We have video or audio of the entire half-hour interview available at American Daughter. Here is the transcript from his remarks on "Peaceful Regime Change:"

Dr. Bickel: Dr. Corsi, I see bumper stickers all the time that say "war is not the answer." Is there a way in these countries, Iran and others, to really win their freedom without having to go to war?

Dr. Corsi: Ah, yes, there is. I think we've seen it happen. We've seen it happen in Poland. We've seen it happen in the Ukraine. In Lebanon, people in the streets protesting governments that are illegitimate, extensive human rights abuses.

The people in these countries come to a point where they don't want to take it anymore. They reach a point of desperation. They've had abuses. They see no future for themselves or their families. And they decide that they are going to protest, that finally they're going to say "enough."

Now it takes a lot to get to that point, because these countries operate on fear. A person can get killed or arrested just for speaking out, let alone protesting in the streets. They can lose their jobs. They can have their children thrown out of schools. Horrible things can happen to them just for protesting.

So that it takes a methodology where we've got to work with the dissident structures of people who speak the language. People who have left the countries are frequently in touch by email, fax, cell phone to people within the country. And even money can be sent in to support the dissidents--sending computers, printers so that they can communicate, cell phones. We've got to create the infrastructure almost at a community level.

In my background, when I was a kid my father was at the Brotherhood of Railroad Trainmen. He was an executive and he helped to create the United Transportation Union, one of the largest transportation unions in the world. And I spent my young years understanding how community organization was done.

Within a labor union you work within local lodges. And when a family needs help you get it to them. Whether that's money, medicine, whatever is needed. The union takes care of the workers in the union. People end up thinking that they're really working as much for the union as for the company. That kind of local organization happens, that local sharing of ideas and support among people. That's when peaceful revolution starts and governments are overthrown.

I walked the two hundred miles of the Iran Freedom Walk to express that solidarity. I can see a day where people in fifty countries will walk, maybe even on 9/11. There's a group called March Against Terror organizing on this principle. When people in fifty countries walk--hundreds of millions of people walking across the face of the earth--there'll be no tyrant left who can stand that moral power.
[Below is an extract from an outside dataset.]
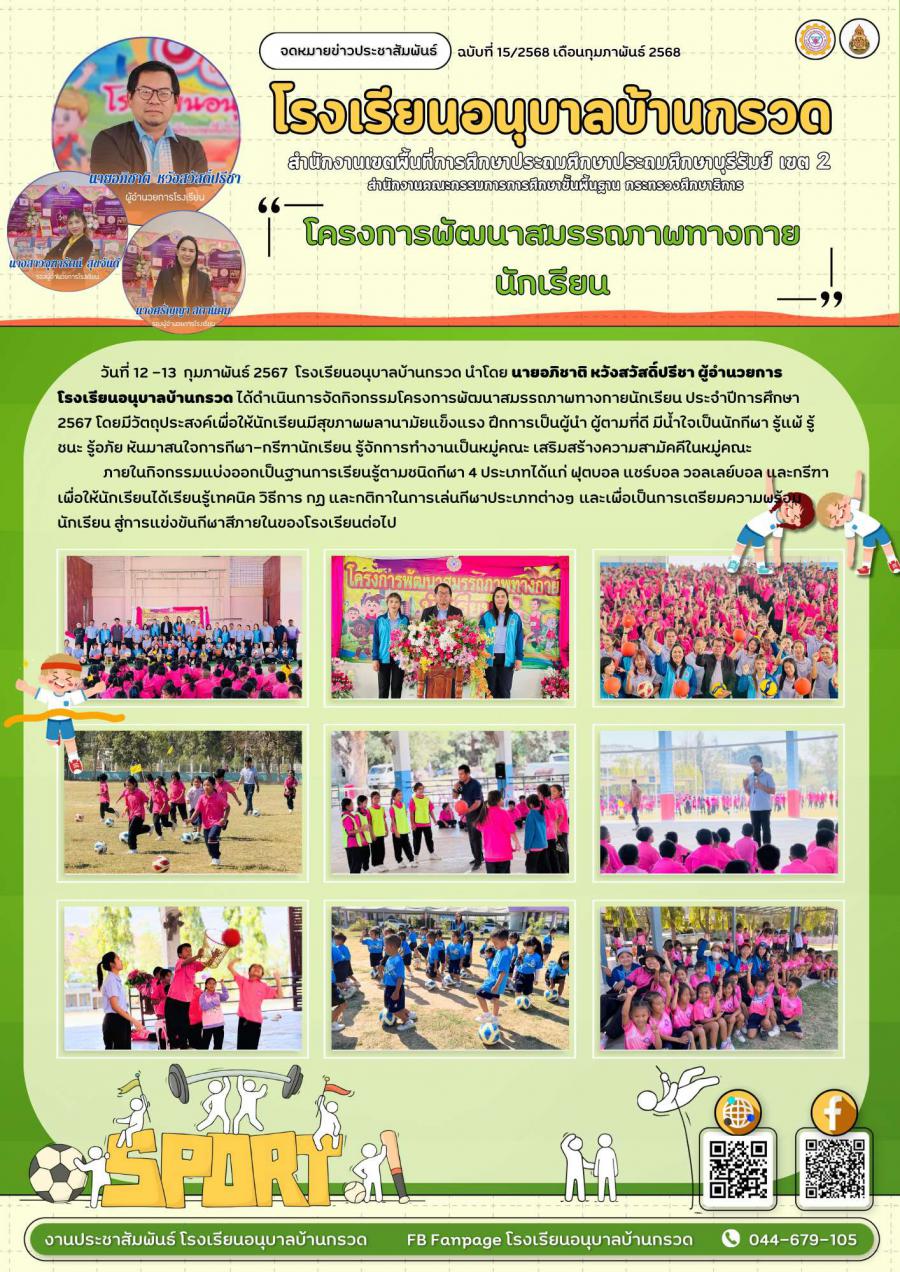 วันที่ 12-13 กุมภาพันธ์ 2568 โรงเรียนอนุบาลบ้านกรวด ได้ดำเนินการจัดกิจกรรมโครงการพัฒนาสมรรถภาพทางกายนักเรียน ประจำปีการศึกษา 2567 กิจกรรมแบ่งออกเป็นฐานการเรียนรู้ตามชนิดกีฬา 4 ประเภทได้แก่ ฟุตบอล แชร์บอล วอลเลย์บอล และกรีฑา เพื่อให้นักเรียนได้เรียนรู้เทคนิค วิธีการ กฏ และกติกาในการเล่นกีฬาประเภทต่างๆ และเพื่อเป็นการเตรียมความพร้อมนักเรียน สู่การแข่งขันกีฬาสีภายในของโรงเรียนต่อไป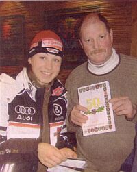 Wo Andere draußen bleiben mussten, ging es für die Rotenburger Reisegruppe noch weiter. Sie kamen direkt an die Stars (oben links Magdalena Neuner, rechts Kati Wilhelm) heran. Bei dieser Gelegenheit übergab Norbert Jörs die Chronik des Kreisverbandes und erhielt im Gegenzug natürlich auch die begehrten Autogramme der Stars.

Ronald Reagan showed it. What it took to bring down the Soviet Union was not missiles or guns. It took him to stand there and say, "Mr. Gorbachov, tear down this wall!" It took his courage to say that the Soviet Union was an evil empire and he determined that he wanted it gone...this evil government destroyed and gone. Not dealt with, or contained, or worked with, but eliminated. And not eliminated through a war but by the people themselves.

That's where I see the future. I think in the next few years, the next generation, people are going to realize that within their own hands, within their own power, is the ability to determine their lives. And people all over the world...I've traveled all over the world...people want the same thing whether they're Vietnamese or Iranians or Cubans or Africans or wherever they're from. They want to have children, have families, fall in love, grow old, work reasonably, die in their own beds with the family around them--loved. They do not want a war. They do not want tyranny. They don't want oppression. People all around the world have these same basic needs and desires.

If we focus there that's were the world can build just societies that are self-determined by people, not ruled by tyrannies, not oppressed by criminals. We've got to get rid of these criminal mafias who are ruling these countries today. When the world sees through it, these criminal dictators are going to look like jokes. And I think as they do get ridiculed and eliminated the world will be glad to be rid of them peacefully. That's what I pray for.